# Problem requirements
Repeat nothing but the line that contains "Shattered Thoughts Nighttime" and the lines after it, through the end of the listing, exactly as they stand; omit pictures.

=== Exercise data ===

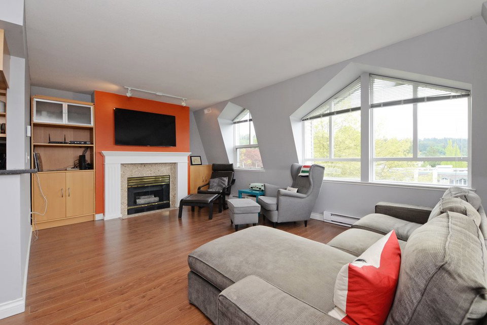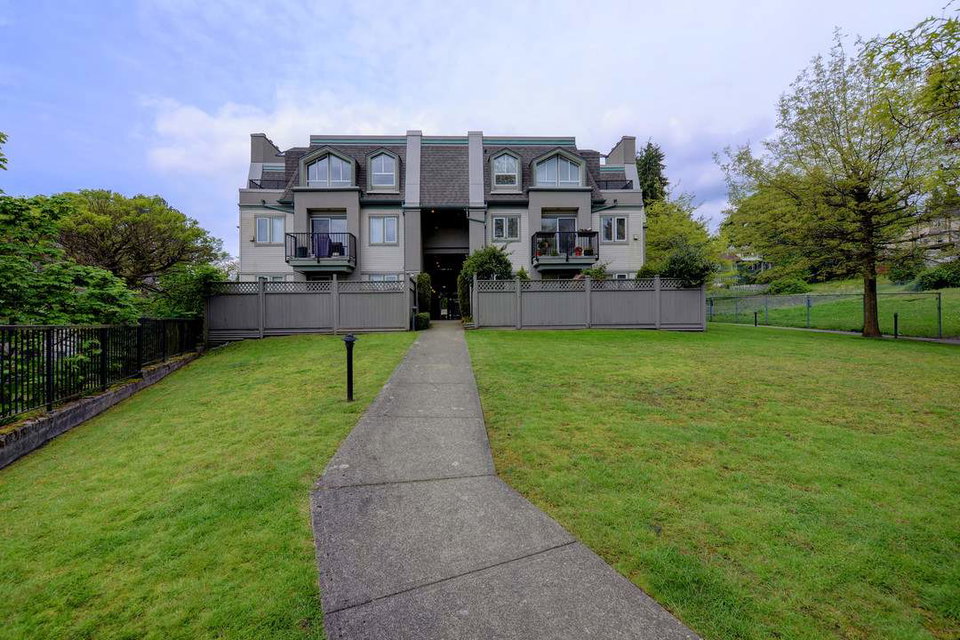Top floor with a view. Private corner unit with only one shared wall sits perched up on the hill with clear sight lines above and beyond the neighbours. 2 large bedrooms, 2 full baths spread across 1,060 sf. Updated kitchen featuring stone counters and maple shaker cabinets. Reliable building: rainscreened, sloped roofs new in 2017. Complete with storage locker & 2 parking stalls.
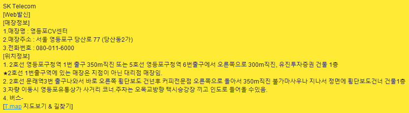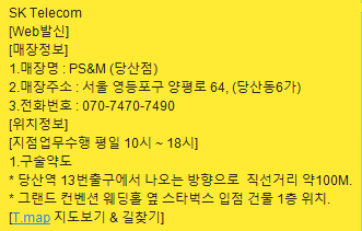 사용중인 핸드폰 114를 통해 문의를 했더니 제가 있는 지역을 확인 후 방문 가능한 지점을 문자로 보내주셨어요~
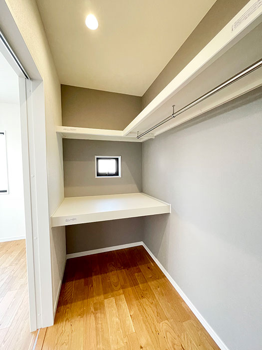 腰高の大きな棚とハンガーパイプのある大型収納。アクセントクロスを施して、見ええないところにも手を抜いていません。
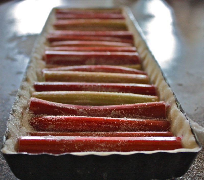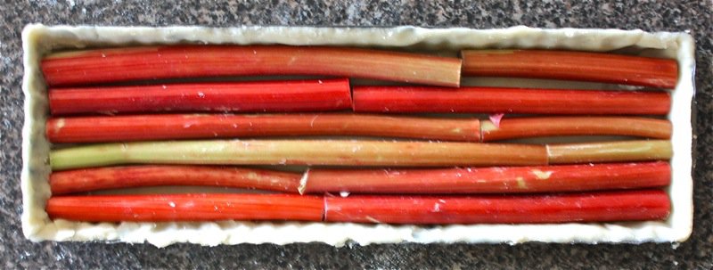 - Cut rhubarb stalks to fit into the tart pan; arrange red and green stalks and thicknesses of stalks to they look appealing
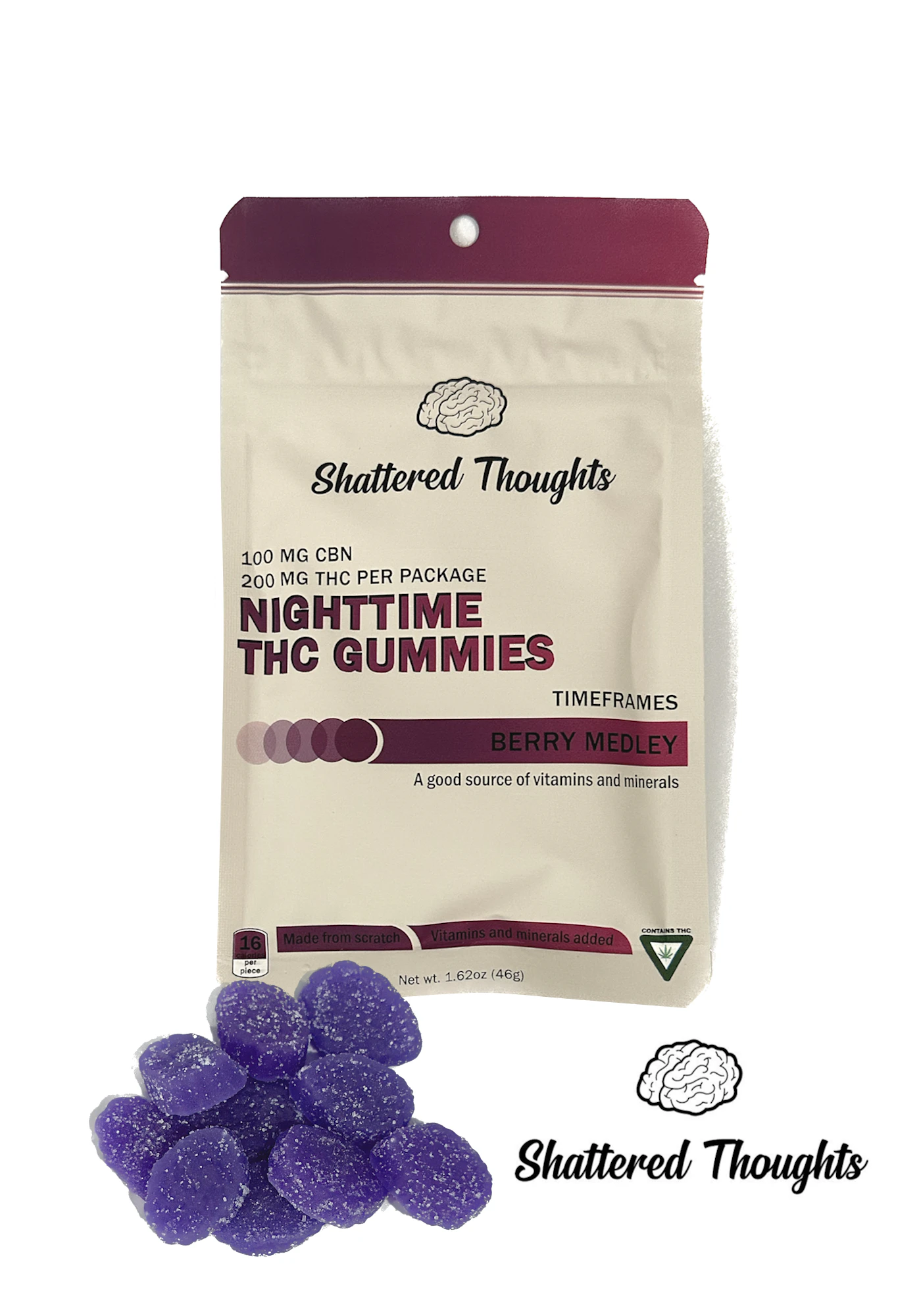 Shattered Thoughts Nighttime Gummies serve up sleep with 20mg THC and 10mg CBN in each piece (10 pieces/pack).
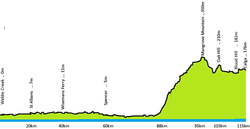 115k - Wisemans Ferry - St Albans - Wisemans Ferry - Spencer - Bottom of the climb - Wisemans Ferry (collect your car)
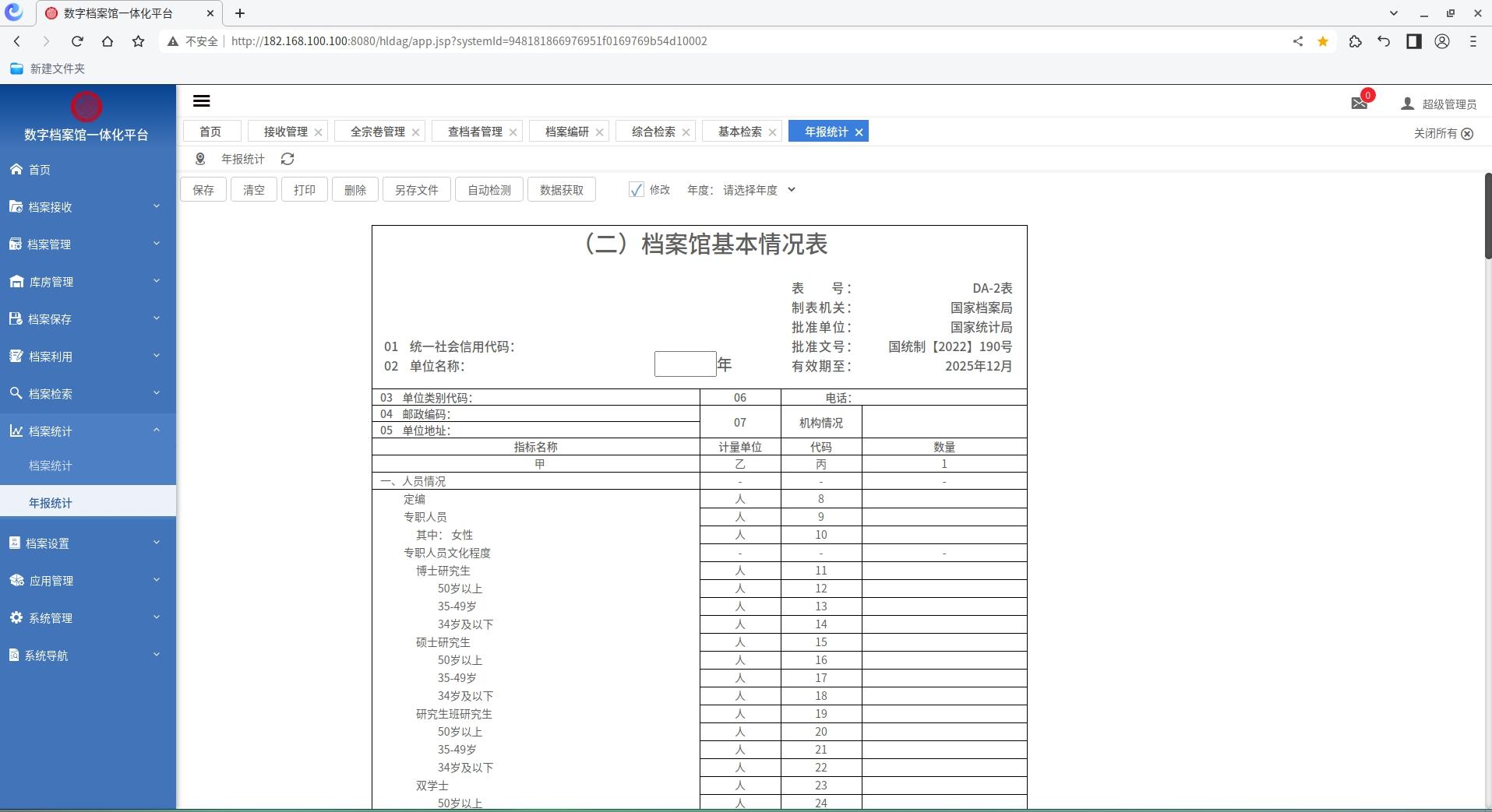 对馆藏档案数据进行多维度统计,系统提供自定义统计平台,实现档案收集、管理、保存、利用等维度的统计,并展示对应的统计表或统计图,支持标准格式的年报填写和数据自动获取功能。

===

# Answer for this exercise
 Shattered Thoughts Nighttime Gummies serve up sleep with 20mg THC and 10mg CBN in each piece (10 pieces/pack).
 115k - Wisemans Ferry - St Albans - Wisemans Ferry - Spencer - Bottom of the climb - Wisemans Ferry (collect your car)
 对馆藏档案数据进行多维度统计,系统提供自定义统计平台,实现档案收集、管理、保存、利用等维度的统计,并展示对应的统计表或统计图,支持标准格式的年报填写和数据自动获取功能。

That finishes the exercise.